The impact of the technical capacity of big data deployment (TCBD) at the level of medical institutions. TCBD does not have a direct impact on clinicians’ recall of prior medical knowledge (RPMK), regardless of whether remote medical consultation platforms are used or not. However, there is an indirect impact on RPMK, and this impact is generated through medical big data assets (MBDA) in both scenarios. It is worth noting that the indirect impact on RPMK is significantly stronger in the scenario where remote medical consultation platforms are utilized. In contrast, in the absence of such platforms, the indirect impact on RPMK is relatively weaker.

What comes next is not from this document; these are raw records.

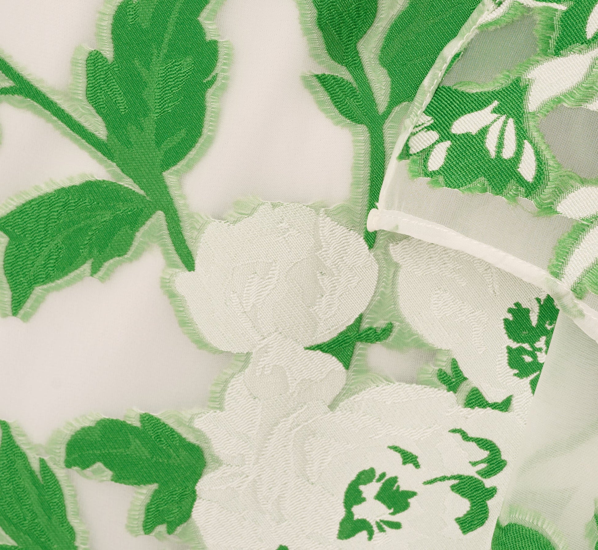 Sleeveless Organza Jacquard Mermaid Midi Dress In Green Ivory
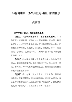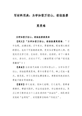 写材料用典:为学如登万仞山,欲临胜景莫畏难.docx
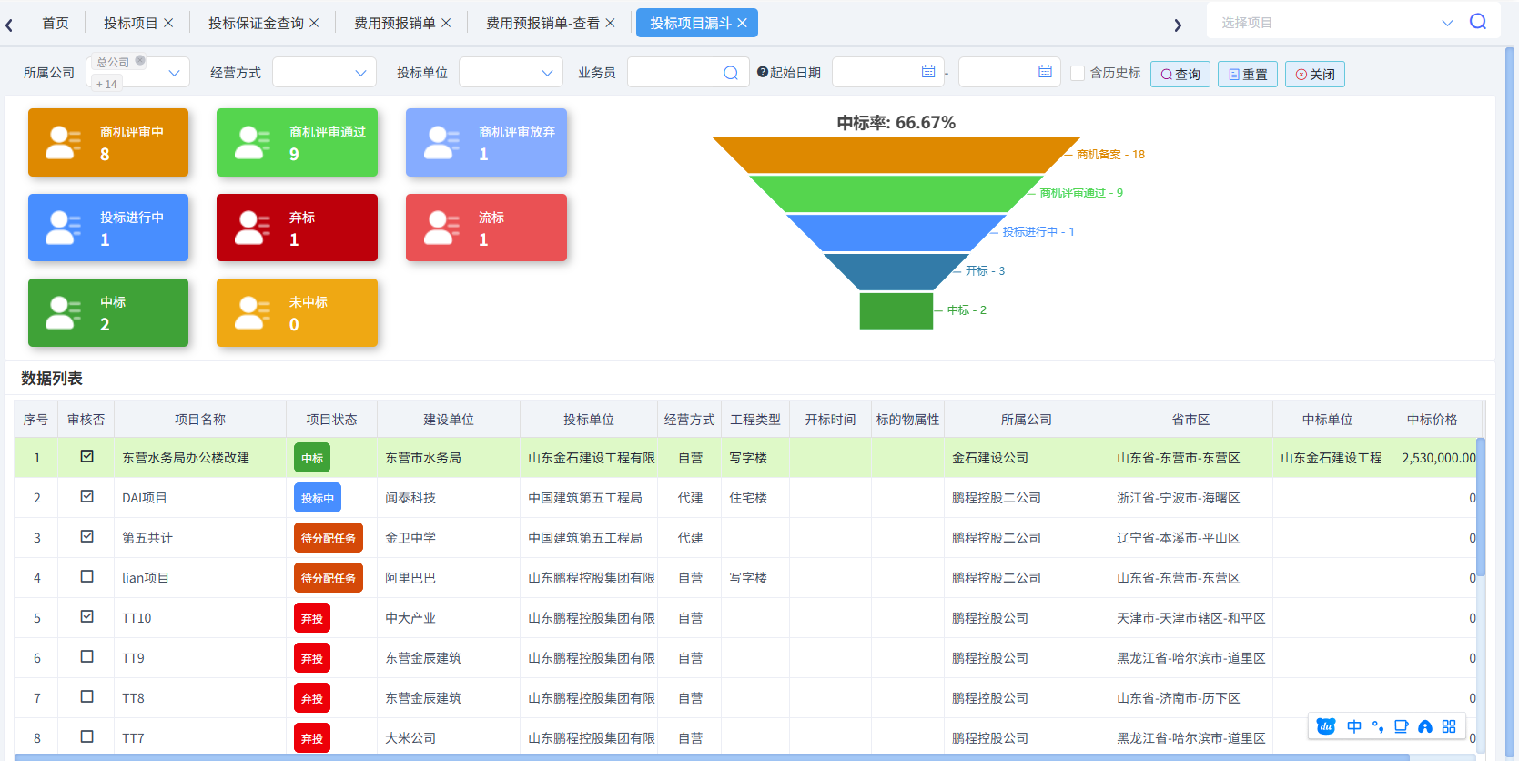 投標(biāo)項(xiàng)目一覽表可以查看投標(biāo)項(xiàng)目狀態(tài)、完成度、投標(biāo)任務(wù)節(jié)點(diǎn)、中標(biāo)單位、中標(biāo)金額等信息,如下圖所示
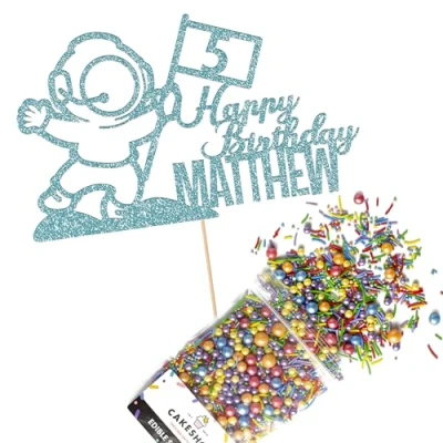 This Cakeshop Cake Decorating Pack includes 1 x 480gsm Double Sided Glitter Card Topper & 25g Cake Sprinkles (option to upgrade to 50g while customising) - perfect for your party or celebration! Cakeshop Sprinkles are Vegan, Gluten Free, Lactose free and Nut Free, all while looking amazing in striking colours and an assortment of sizes for a truly 'premium' finish Size: Sprinkles pack (perfect for a large cake) 25g, you can also upgrade to a 50g pack when customising your topper | Glitter Topper Approx 152mm (6") x 175mm (7") Toppers make a great keepsake to remember this special occasion forever, often our customers will remove the support sick and use on bedroom doors (until their next birthday!) Cakeshop Glitter Toppers are made from 480gsm premium double sided glitter card, select which colour topper you'd like then click 'Customise' to add your text personalisation and choose your sprinkles Choose from either Metallic or Rainbow sprinkles and upgrade to 50g packs in the 'Customise' section, so that you can match your sprinkles to your theme (or save them for next time!) All 'Cakeshop Cake Decorating Packs' come beautifully packed with simple to understand instructions so that you can quickly turn any cake, home made or shop bought (we wont tell!) into the perfect cake After you have added your custom information in the 'Customise Now' section our designers hand make your topper in the same font, style and topper colour as the design you've selected Cakeshop have been making the highest quality Cake Decorations since 2011 - we have thousands of design options available in our store for every occasion and theme (click 'visit the cakeshop store' above) It should go without saying - but Glitter Card toppers are flamable! We therefore recommend using only Acrylic toppers alongside candles for safety
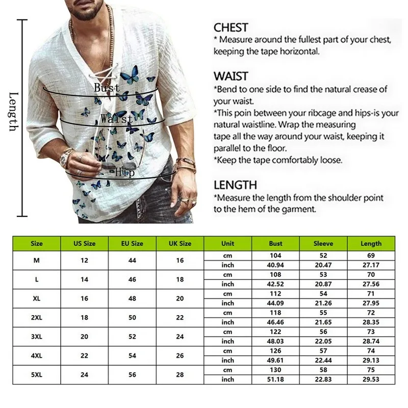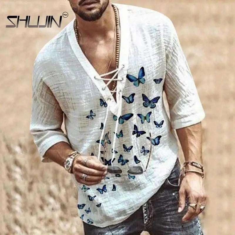 Рубашка мужская с длинными рукавами, льняная Повседневная блуза, с V-образным вырезом, в стиле бохо, винтажная удобная одежда, размер размера плюс, S-5xl
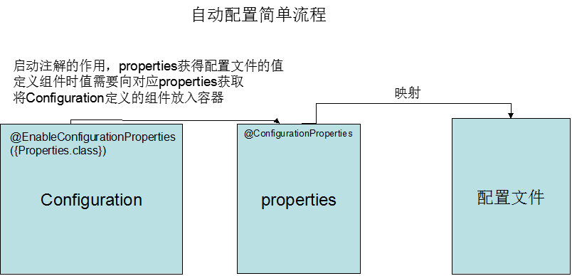- 给容器中自动配置类添加组件的时候,会从properties类中获取某些属性。我们就可以在配置文件中指定这些属性的值
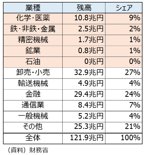 まず、5,500億ドル(約83兆ドル)の規模感について確認すると、日本企業の対米投資残高は24年末時点で合計約122兆ドルです。対米投資の対象業種である半導体、医薬品、金属、重要鉱物、造船、エネルギー、AI、量子PCなどに限ると16兆円(下表のオレンジ部分)であり、5,500億ドルの規模は非常に大きいということが分かると思います(図表3)。もっとも、期限は29年1月でトランプ大統領の任期までに案件を積み上げることになりますが、赤沢大臣によると、5,500憶ドルは上限でありこの金額をコミットしなければならないということではないということです。日本側としては、米国の顔色を窺いつつ、出来るだけ規模を抑えたいということと推察されます。
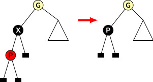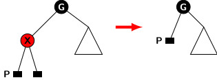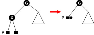 - If X is black and it has only one valid node Y as child, then Y must be red. Y replaces X and is recolored black.

The impact of sharing big data (SMBD) at the public level. Sharing big data publicly has a direct influence on RPMK, regardless of whether healthcare facilities utilize remote medical consultation platforms or not. However, this impact does not differ significantly between the two scenarios. Additionally, SMBD acts as an intermediary factor in the impact of other big data resources on RPMK. When a platform is present, it primarily serves as an intermediary factor between TCBD and RPMK. In the absence of a platform, it not only acts as an intermediary factor between TCBD and RPMK but also between SCBD and RPMK.

The impact of the policies of medical big data (PMBD) at the public level. The policies of medical big data (PMBD) do not directly affect the RPMK (Remote Patient Monitoring Kit) regardless of whether healthcare institutions use remote medical consultation platforms or not. However, in scenarios where platforms are used, there is an indirect impact based on the SCBD (Secondary Clinical Big Data) but no such impact in scenarios where platforms are not used. To assess the indirect impact of PMBD, new mediating factors need to be identified and studied.

Academic implications

This study contributes several important findings to the current understanding of the subject matter.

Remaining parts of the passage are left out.